Because we make no computational assumptions, the entropy in R can
come only from w. Thus such a protocol must minimize the entropy
loss during its execution, so that R is as long as possible. The
best previous results have entropy loss of $\Theta(\kappa^2)$, where
$\kappa$ is the security parameter, thus requiring the password to
be very long even for small values of $\kappa$. In this work, we
present the first protocol for information-theoretic key agreement
that has entropy loss LINEAR in the security parameter. The
result is optimal up to constant factors. We achieve our improvement
through a somewhat surprising application of error-correcting codes
for the edit distance.

The protocol can be extended to provide also ``information
reconciliation,'' that is, to work even when the two parties have slightly different versions of w (for example, when biometrics are involved).

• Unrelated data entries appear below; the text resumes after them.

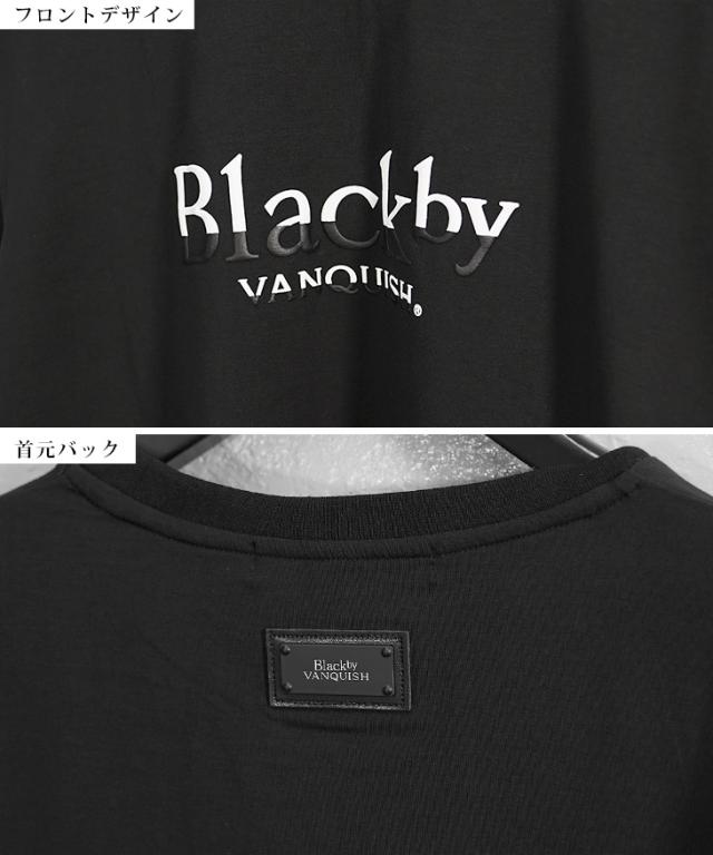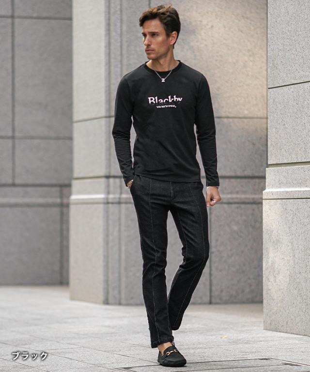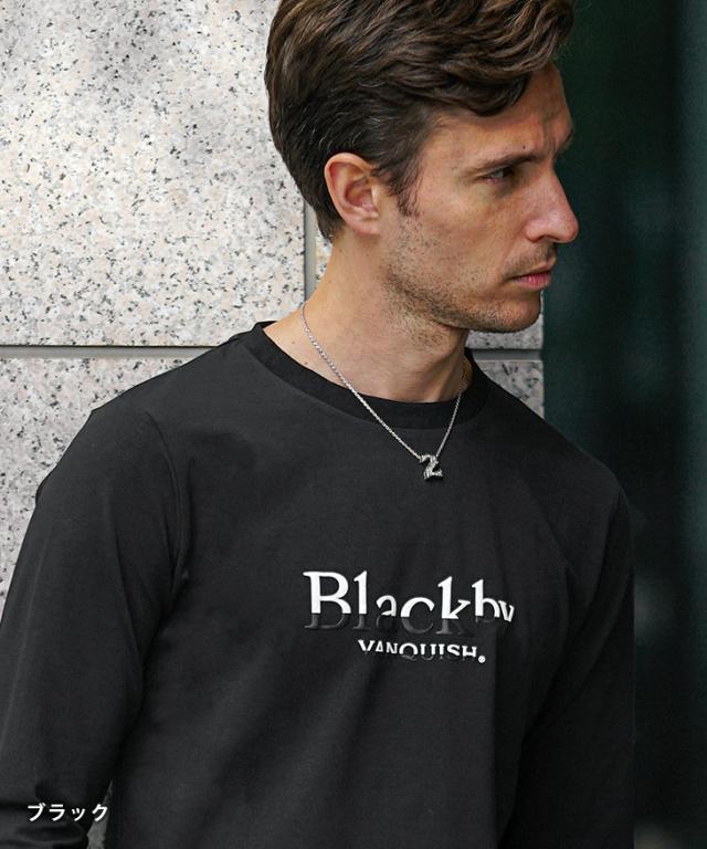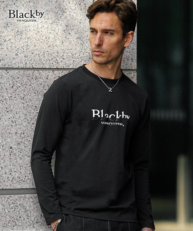 クルーネック Tシャツ メンズ ブランド 長袖 黒Tシャツ ストレッチ カットソー 長袖 発砲プリント ロゴ Tシャツ スリム タイト 細身 LL XL ちょいワル お兄系 Black by VANQUISH ブラックバイヴァンキッシュ 春 春服 春物 新作 春新作 春夏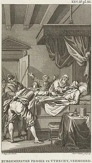 ![]() 18th-century image by Reinier Vinkeles and Jacobus Buys of the assassination of mayor Proys. | |||||||
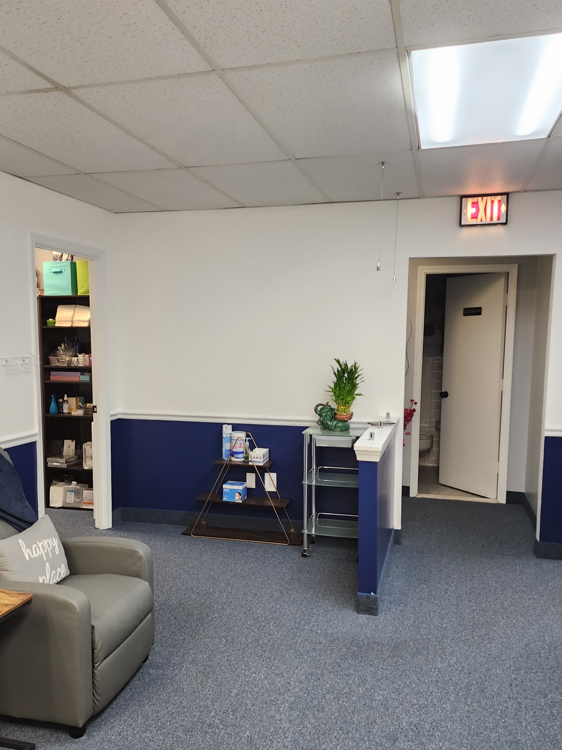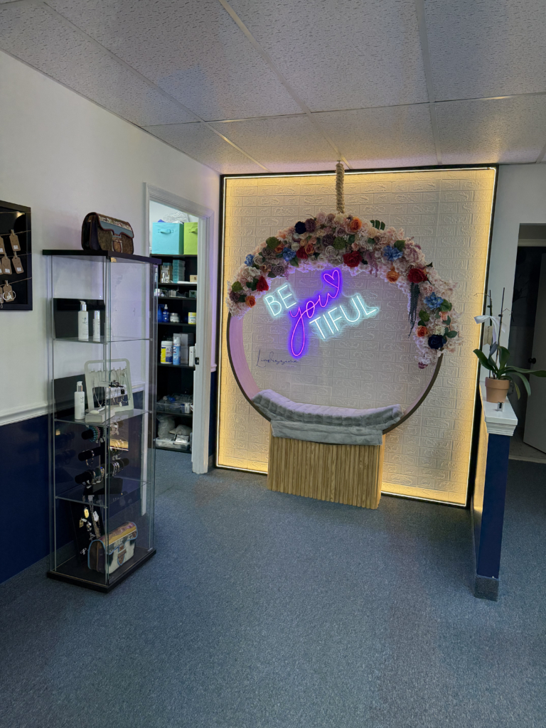 Custom-built accent wall for a med spa, designed with a built-in seating bench, integrated lighting, and a signature circular floral display. A polished, welcoming centerpiece that enhances the client experience and strengthens the brand’s visual identity.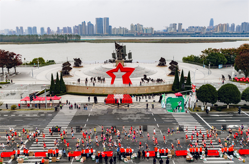 跑者经过建军雕塑广场。2025南昌马拉松组委会供图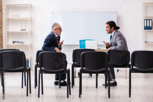Two businessmen in the classroom in pandemic concept

**Category / Keywords: **foundations / Privacy Amplification, Information-theoretic Key Agreement

**Publication Info: **This is an expanded and corrected version of a paper published at STOC 2010

**Date: **received 30 Aug 2012, last revised 23 Jun 2014

**Contact author: **bhavana at csa iisc ernet in

**Available format(s): **PDF | BibTeX Citation

**Version: **20140623:063606 (All versions of this report)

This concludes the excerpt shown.